Anti Austerity Alliance TD Paul Murphy, who is paid a salary of €87,258, has been criticised for seeking legal aid in his pending trial for the false imprisonment of Tánaiste Joan Burton.
Legal aid was yesterday assigned to Mr Murphy in relation to his trial on charges of falsely imprisoning Ms Burton at a water charges protest in late 2014.
A trial date has not yet been fixed for Mr Murphy, aged 32, of The Copse, Woodpark, Ballinteer.
The Dublin South West TD, under an agreement with the AAA, takes only an average industrial wage and donates the remainder of his salary to help fund party activities.
The most recent chairman of the Public Accounts Committee, John McGuinness, said the decision to assign legal aid is “unacceptable”.
“He gets well paid, as do we all. What he decides to do with it is up to him,” said Mr McGuinness. “He has a duty to the taxpayer, as someone who gets a high salary, to represent himself in court and not be relying on the State.

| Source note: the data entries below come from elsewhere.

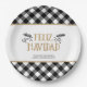 B&W Buffalo Check FELIZ NAVIDAD Personalized Paper Plate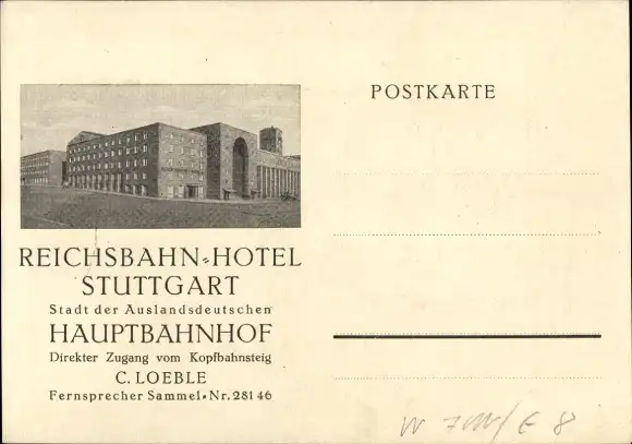 Ak Stuttgart in Württemberg, Reichsbahn Hotel, Hauptbahnhof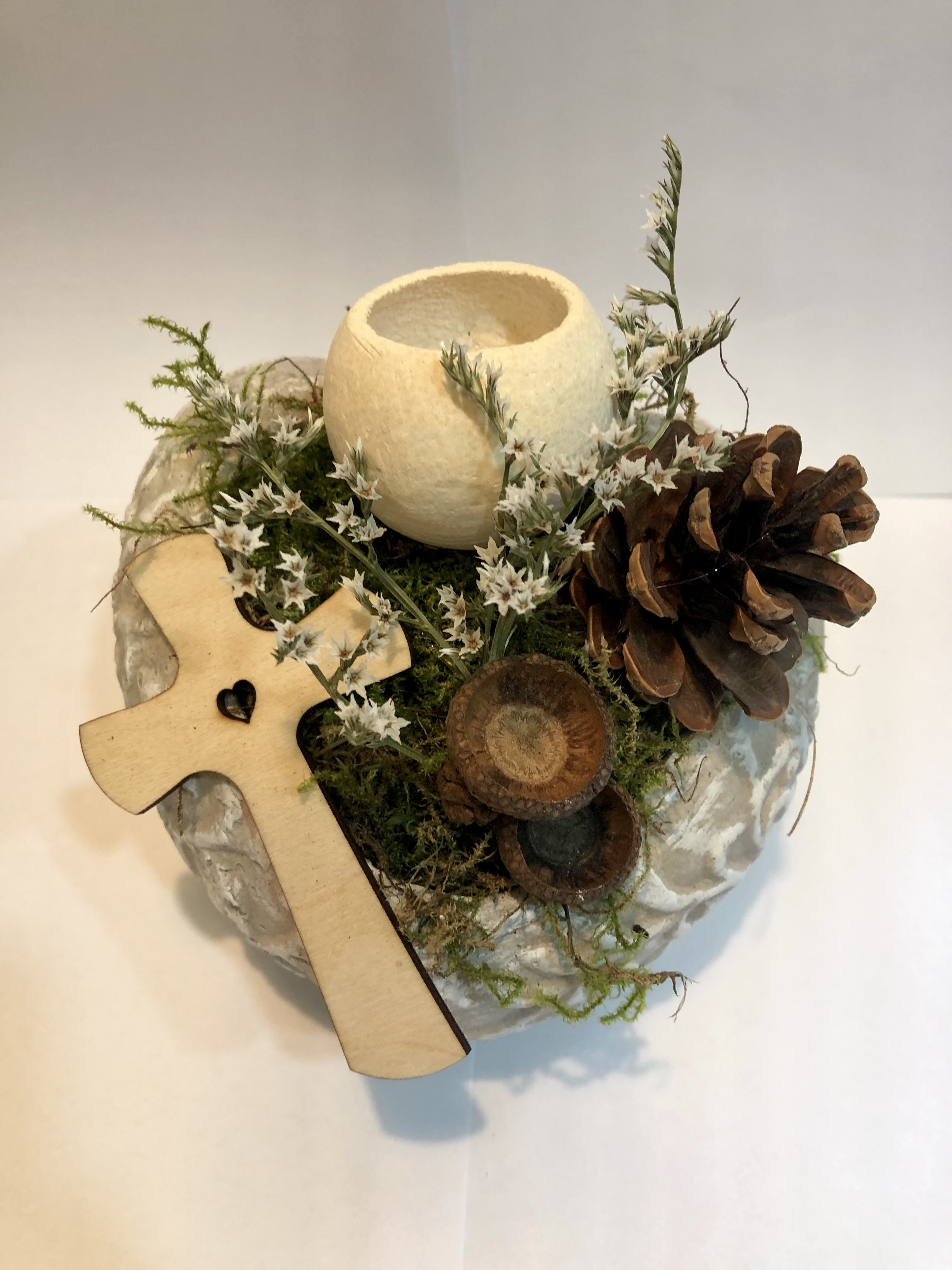 Polyresin, mech, přírodní šiška, statice tatarika, sušina, dřevěný kříž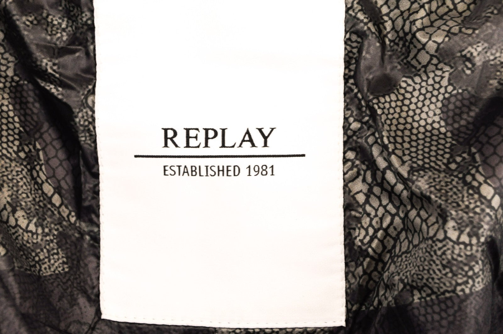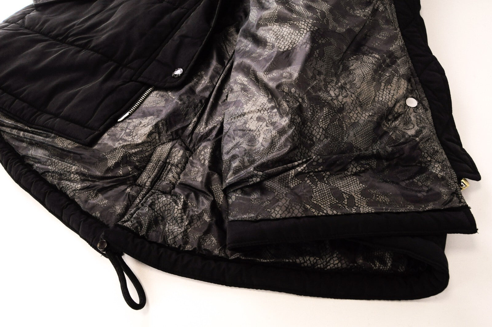 REPLAY Womens Jacket L Faux Fur Hooded Quilted Black Puffer Parka Long Sleeve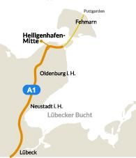 Sie fahren die Autobahn A1 in Richtung Hamburg-Lübeck-Puttgarden und nehmen die Ausfahrt Heiligenhafen Mitte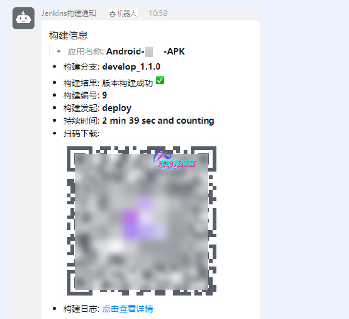 - 构建完成后,制品将被上传至蒲公英平台,并自动调用API接口以获取二维码,方便后续分享。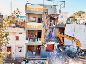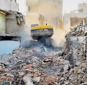 इन्दौर। दो दिन की छुट्टी के बाद आज नगर निगम, पुलिस विभाग और प्रशासन का अमला फिर रावजी बाजार क्षेत्र में पहुंचा और गोपी नेमा के यहां हुए हमले के आरोपी मनोहर वर्मा और क्षेत्र के निगरानी गुंडे अरुण वर्मा के मकान को ढहाने की कार्रवाई शुरू की। तीन मंजिला इस मकान को ढहाने के पहले वहां रखा सारा सामान हटाया गया और पोकलेन जाने की जगह नहीं होने से पूर्व में तोड़े गए वर्मा बंधुओं के मकान को और तोडक़र वहां से रास्ता बनाकर पोकलेन मकान तक भेजी गई। परिवार के कई लोग टूटता मकान देख आसपास की छतों पर खड़े होकर रो रहे थे। पूर्व में भी निगम ने हाथीपाला मेनरोड पर वर्मा बंधुओं के मकान को ढहाया था।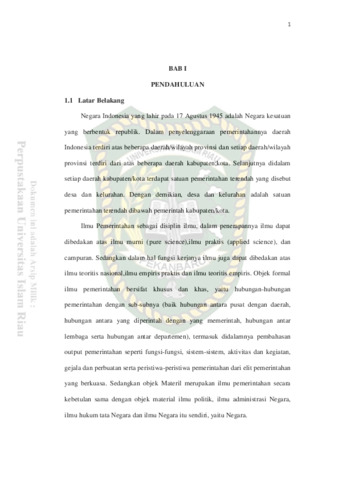 Astrika, Dina (2018) Hubungan Kerja Pemerintah Kampung Dengan Badan Permusyawaratan Kampung Dalam Penyelenggaraan Pemerintahan di Kampung Teluk Lanus Kecamatan Sungai Apit Kabupaten Siak. Other thesis, Universitas Islam Riau.

“At a time when the free legal aid system is as stretched as it is — there are huge queues in many cases — it is not acceptable. He has an income, he is not on the breadline. I don’t think the free legal aid system was developed with that in mind.
“As far as defending himself, he should be paying it himself. It is pretty clear cut for me.”
Mr Murphy was sent forward to Dublin Circuit Criminal Court on two charges of false imprisonment of Ms Burton and of aide Karen O’Connell at Fortunestown Rd, Jobstown, on November 15, 2014.
Yesterday, his solicitor said he was making an application for legal aid and handed in a statement of means. He said the State was on notice and had no objection, and that the trial could last four to six weeks.
The State solicitor confirmed there was no Garda objection based on the figures in the documentation.
Judge Melanie Greally said that, based on the average weekly income in the documentation, she would assign legal aid.
The figures in the documentation were not disclosed in open court.
Ms Burton and her entourage had left an event at An Cosan Education Centre at Jobstown, Tallaght, when a demonstration was held which delayed her for about two hours on November 15, 2014.
She and her team had been attempting to travel by car to St Thomas’ Church for the rest of the ceremony when the alleged incident occurred.
Mr Murphy’s case will be mentioned in court again next Tuesday.
When contacted by the Irish Examiner, Mr Murphy said he could not comment on legal advice.
The taxpayer looks set to be hit with a legal bill of almost €100,000 should the trial last the six weeks.